Le complotisme est-il lié à une idéologie en particulier ?

Oui, en ce sens que cette idéologie est réactionnaire, hostile à l’émancipation, à la démocratie, c’est clair et c’est historique. De manière plus concrète, ça veut dire qu’il y a des liens culturels avec l’extrême droite depuis toujours. Et encore maintenant, les réseaux conspirationnistes francophones sont très ancrés à l’extrême droite, aussi en lien avec la propagande des régimes autoritaires, qui sont souvent les mêmes que les réseaux d’extrême droite.

Pour les réseaux prodictatures, ceux prorusses ou proAssad, le complotisme est vraiment un fond de commerce. Dans ces mouvements, il y a aussi des mouvements de gauche. On dit souvent que le conspirationnisme c’est l’extrême droite et l’extrême gauche, je ne suis pas totalement d’accord. C’est l’extrême droite, c’est clair, c’est une partie de l’extrême gauche aussi qui est souvent plutôt prodictature.

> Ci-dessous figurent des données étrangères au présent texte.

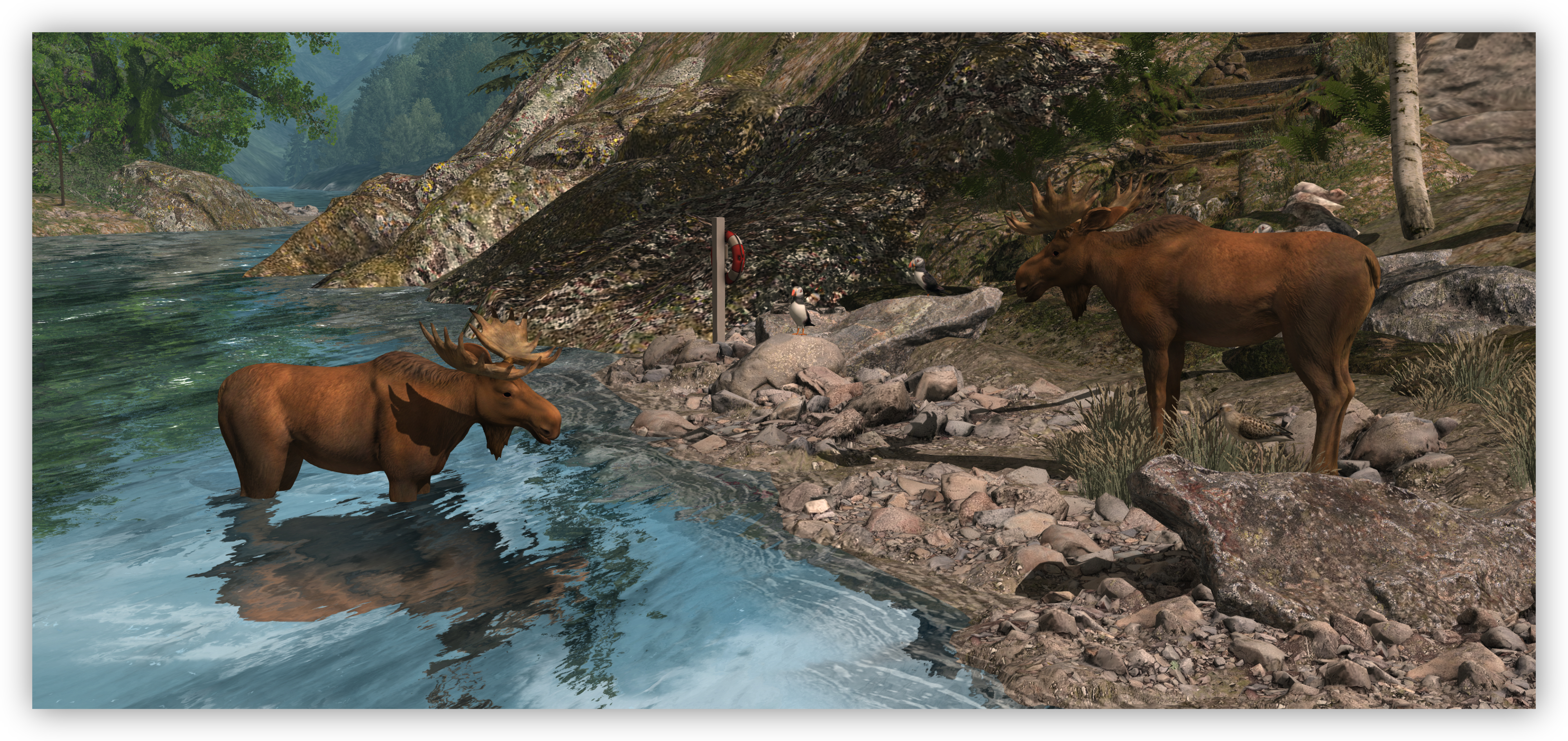 Mit diesem Konzept im Hinterkopf habe ich die Second Life-Version von Sunnmore geschaffen. Genau wie ihr Gegenstück im ersten Leben ist diese Version von Sunnmore dazu gedacht, auf jede erdenkliche Weise erkundet zu werden. Die Hauptfortbewegungsart ist hier das Wasser - mit dem Kajak und dem aufblasbaren Motorboot. Für beides gibt es in jedem Gebiet Anlegestellen. Bei einer Kajaktour um die Insel und durch die Fjorde kommen Sie der Natur näher und können mit ihr interagieren.

Mais, à l’heure actuelle, dans le contexte de mainstraimisation, le complotisme touche l’ensemble des familles politiques. On ne peut plus dire que c’est une idéologie réservée à un petit groupe. Cette idéologie antidémocratique, qui discrédite les mouvements d’émancipation, est tout à fait mainstream dans la société. Elle est donc à combattre par tous. Ça, c’est vraiment l’angle mort formé par la dépolitisation.